§ SUPPLIED MATERIAL:
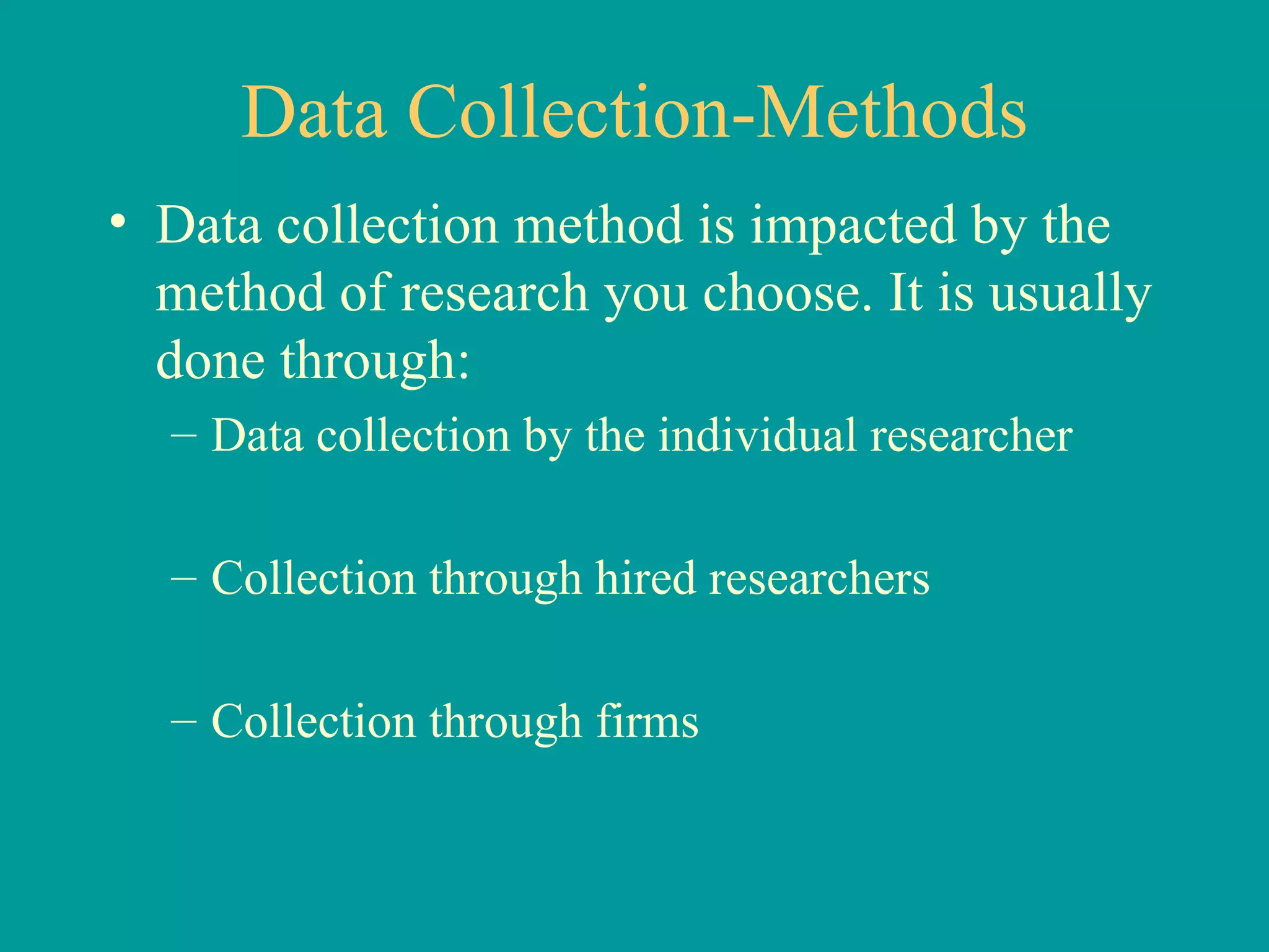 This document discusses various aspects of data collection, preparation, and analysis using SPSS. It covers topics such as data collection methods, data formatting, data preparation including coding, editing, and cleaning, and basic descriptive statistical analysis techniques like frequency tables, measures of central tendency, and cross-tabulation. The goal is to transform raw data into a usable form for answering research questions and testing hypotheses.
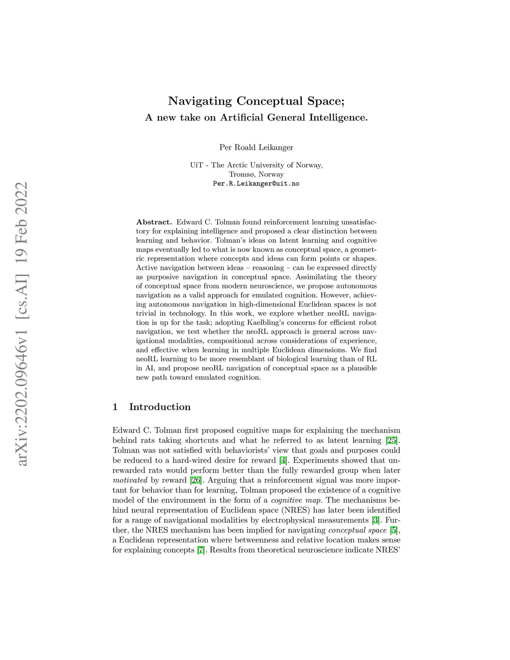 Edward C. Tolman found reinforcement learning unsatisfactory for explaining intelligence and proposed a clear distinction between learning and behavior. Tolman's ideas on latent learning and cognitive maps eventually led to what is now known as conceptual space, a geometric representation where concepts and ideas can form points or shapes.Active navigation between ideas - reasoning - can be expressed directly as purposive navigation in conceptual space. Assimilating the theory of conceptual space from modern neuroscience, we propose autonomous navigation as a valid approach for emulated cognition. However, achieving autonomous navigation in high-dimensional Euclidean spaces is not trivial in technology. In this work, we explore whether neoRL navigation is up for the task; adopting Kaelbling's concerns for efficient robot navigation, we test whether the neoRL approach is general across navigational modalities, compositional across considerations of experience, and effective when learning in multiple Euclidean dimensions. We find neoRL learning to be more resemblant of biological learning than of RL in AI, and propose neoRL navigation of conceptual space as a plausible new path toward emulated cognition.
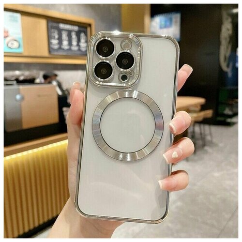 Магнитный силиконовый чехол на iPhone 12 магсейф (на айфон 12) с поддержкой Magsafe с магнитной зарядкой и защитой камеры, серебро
---
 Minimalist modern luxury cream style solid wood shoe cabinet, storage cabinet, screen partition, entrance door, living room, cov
* * *
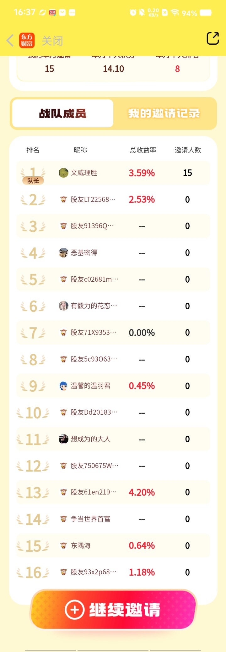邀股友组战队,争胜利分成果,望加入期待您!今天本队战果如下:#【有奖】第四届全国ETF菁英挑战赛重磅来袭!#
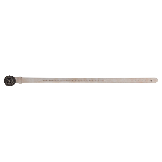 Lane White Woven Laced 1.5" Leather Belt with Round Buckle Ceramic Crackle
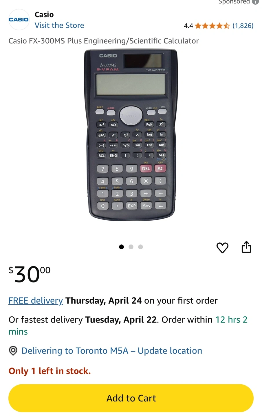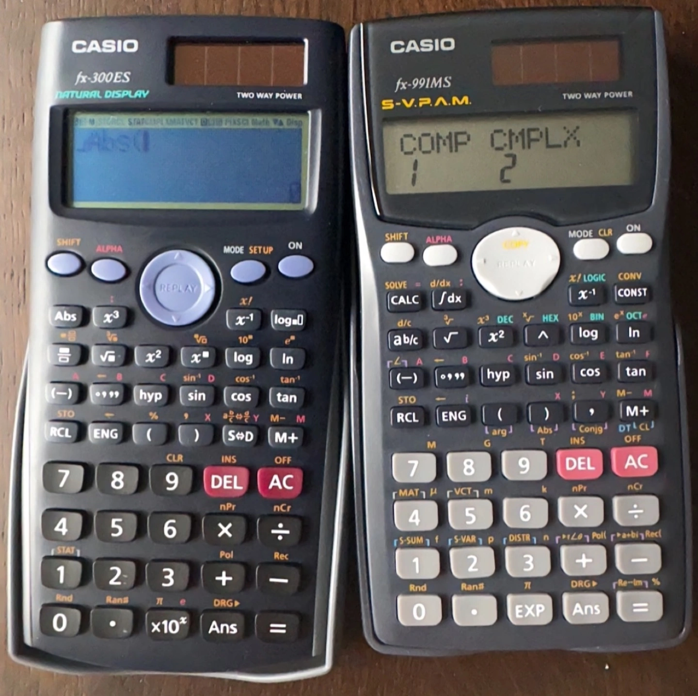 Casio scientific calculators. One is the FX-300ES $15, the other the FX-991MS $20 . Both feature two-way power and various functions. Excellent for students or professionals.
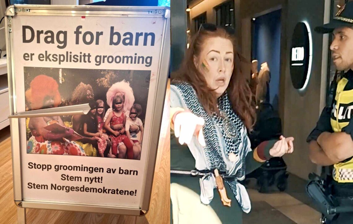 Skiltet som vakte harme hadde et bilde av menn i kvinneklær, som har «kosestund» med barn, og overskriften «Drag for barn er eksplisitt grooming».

§ TASK ITEM: From the line containing "Casio scientific calculators." through the line containing "Skiltet som vakte", copy every line above exactly, without pictures.

§ TASK RESULT:
 Casio scientific calculators. One is the FX-300ES $15, the other the FX-991MS $20 . Both feature two-way power and various functions. Excellent for students or professionals.
 Skiltet som vakte harme hadde et bilde av menn i kvinneklær, som har «kosestund» med barn, og overskriften «Drag for barn er eksplisitt grooming».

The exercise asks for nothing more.